Ref: Freeman, J. (2003), ‘Gender differences in gifted achievement in Britain and the U.S.’, Gifted Child Quarterly, 47, 202-211.

Abstract

In Britain, the academic achievements of gifted girls in grade school are surpassing those of gifted boys in almost all areas of study and at all ages, whereas this does not appear to be the case in the USA.

The evidence suggests two major reasons for this difference. Emotionally, British girls are now showing greater confidence in their abilities.

Educationally, changes in the style and content of British curriculum and assessment may favor female study patterns, along with a national system of inspection which checks for equal gender opportunities in the classroom.

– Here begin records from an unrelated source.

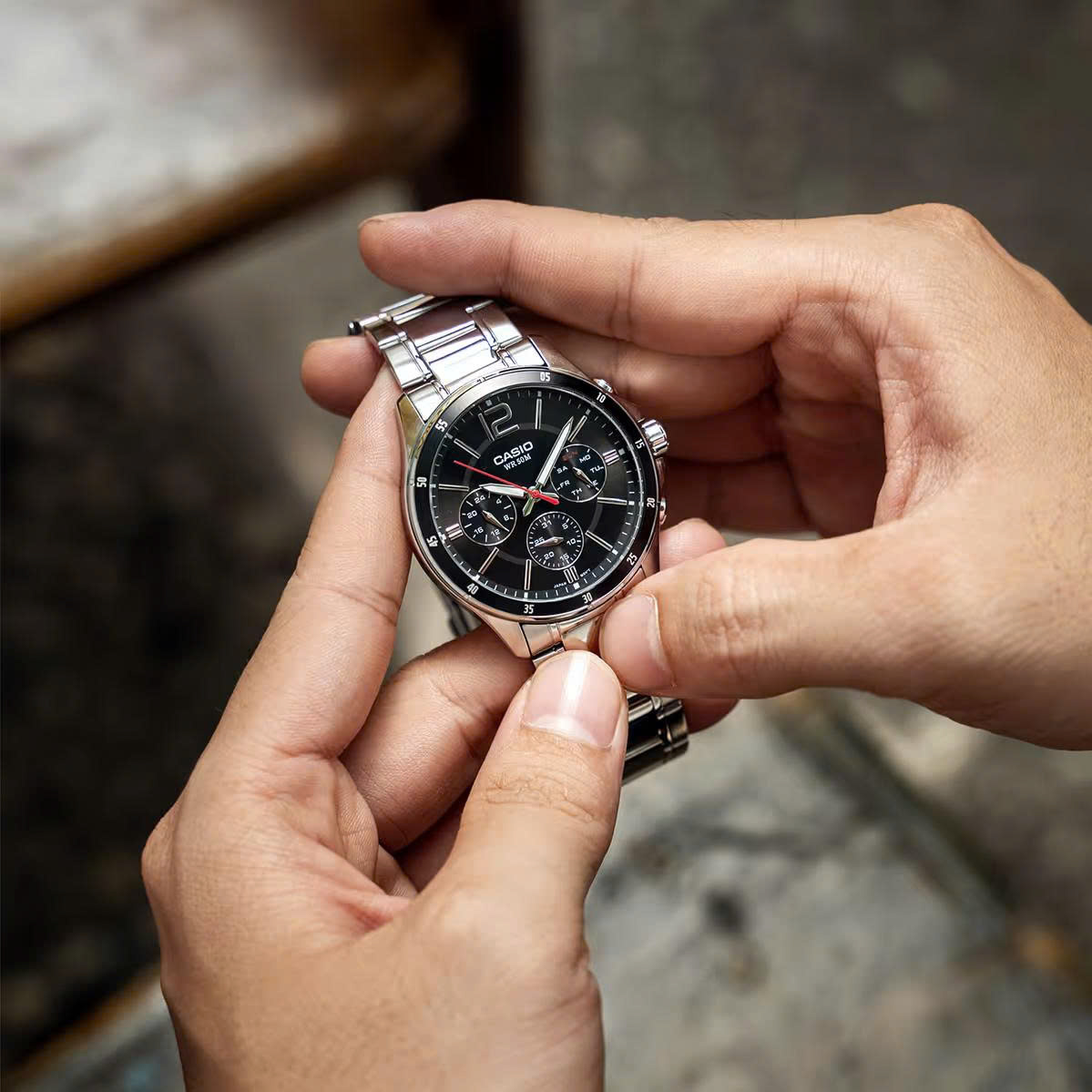 Dù bạn đang bắt đầu xây dựng bộ sưu tập đồng hồ của mình hay đang tìm kiếm một chiếc đồng hồ đeo hằng ngày bền bỉ, MTP-1374 chắc chắn sẽ không làm bạn thất vọng. Hãy sở hữu ngay "siêu phẩm 6 kim" này để nâng tầm phong cách của chính mình!
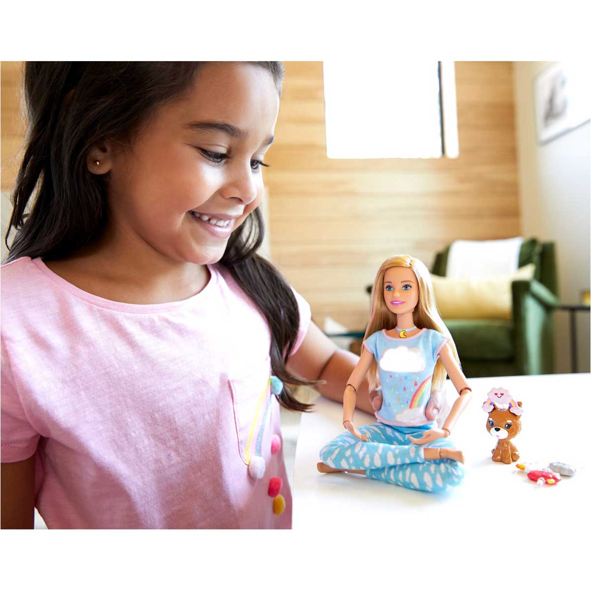 Kızlar Barbie bebeğin kolyesindeki düğmeye basarak beş rehberli meditasyon egzersizinden birini başlatır ve ses ışık efektlerinden ilham alarak kendi meditasyonlarını yapar. Bulut emojilerden birini başına yerleştirerek meditasyon düşüncesi bulutu oluştur.
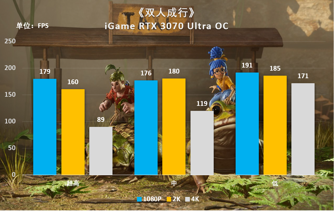 iGame RTX 3070 Ultra OC在1080P超高画质下测得平均179帧,2K超高画质下测得平均160帧,4K超高画质下测得平均89帧;在1080P超高画质、2K超高画质、4K低画质均可满足高帧率体验。
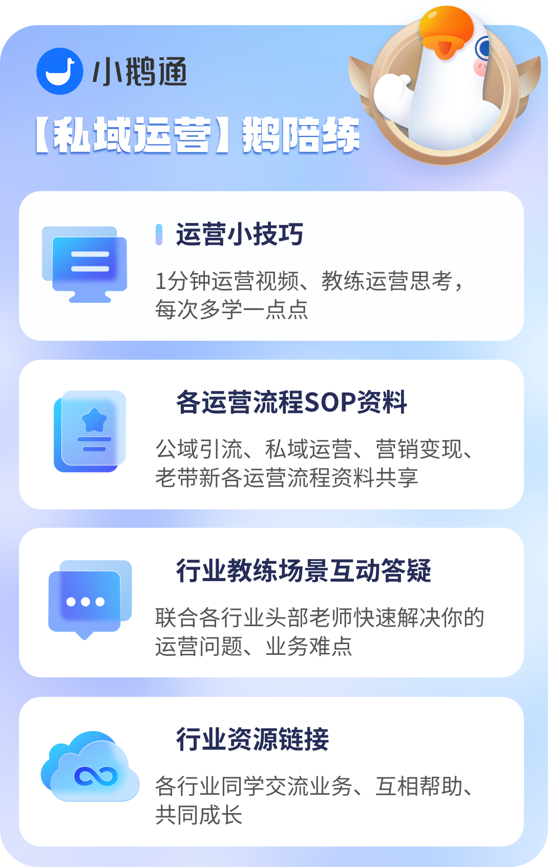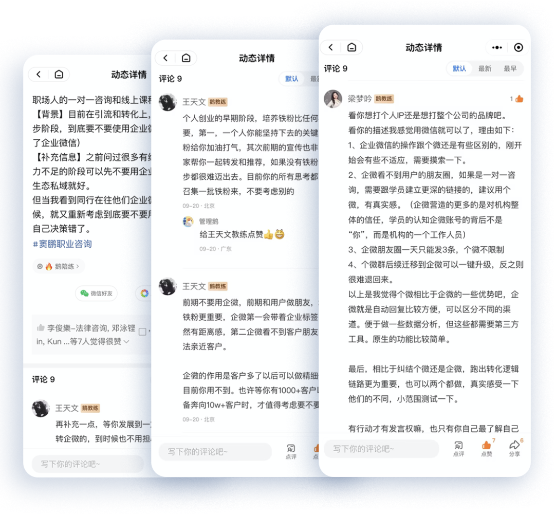无论你是刚刚起步的个人商家,还是希望提升现有运营技能的从业者、创始人,只要你正在做线上运营,还是只是对线上运营感兴趣,都可以加入“鹅陪练”圈子当中,还有更多来自不同行业、不同阶段的精选问答,通通都是身边的案例,快加入我们一起同行!
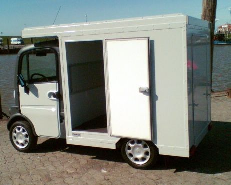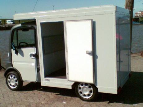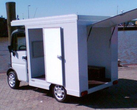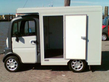 Ein Leichtfahrzeug wurde für den Transport von Briefen und Paketen umgebaut. Ein Aufbau aus Alumium kam zum Einsatz. Auf dem Dach können auch lange Güter wie z.B. Holzstangen transportiert werden.
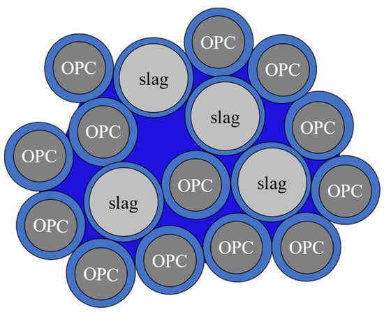 Plots for OPC/slag paste were shown in the upper area on the τ–β diagram compared to those for OPC paste. This result indicates the existence of more free water there since the decrease in the relaxation curves gradually occurs with admixture particles for a longer time. Water held among admixture particles is gradually supplied to hydrate OPC particles, as shown in Figure 5.

Although this managed change in gender equality of opportunity in schools is seen to be highly effective, female school advantage has yet to make a significant difference in the workplace.

Putting the Research to Use

The relatively lower achievement of American gifted girls in the sciences and mathematics compared with American gifted boys is not a universal characteristic, as international comparisons have shown, and so cannot be due to the innate abilities of either sex.

In Britain, and reflected in other countries, the continually rising superiority of gifted girls in every school subject area is associated with socio-emotional and educational changes.

Although the situation is complex, the essential steps that appear to have been effective in altering the British gender achievement balance include changes in the following educational procedures.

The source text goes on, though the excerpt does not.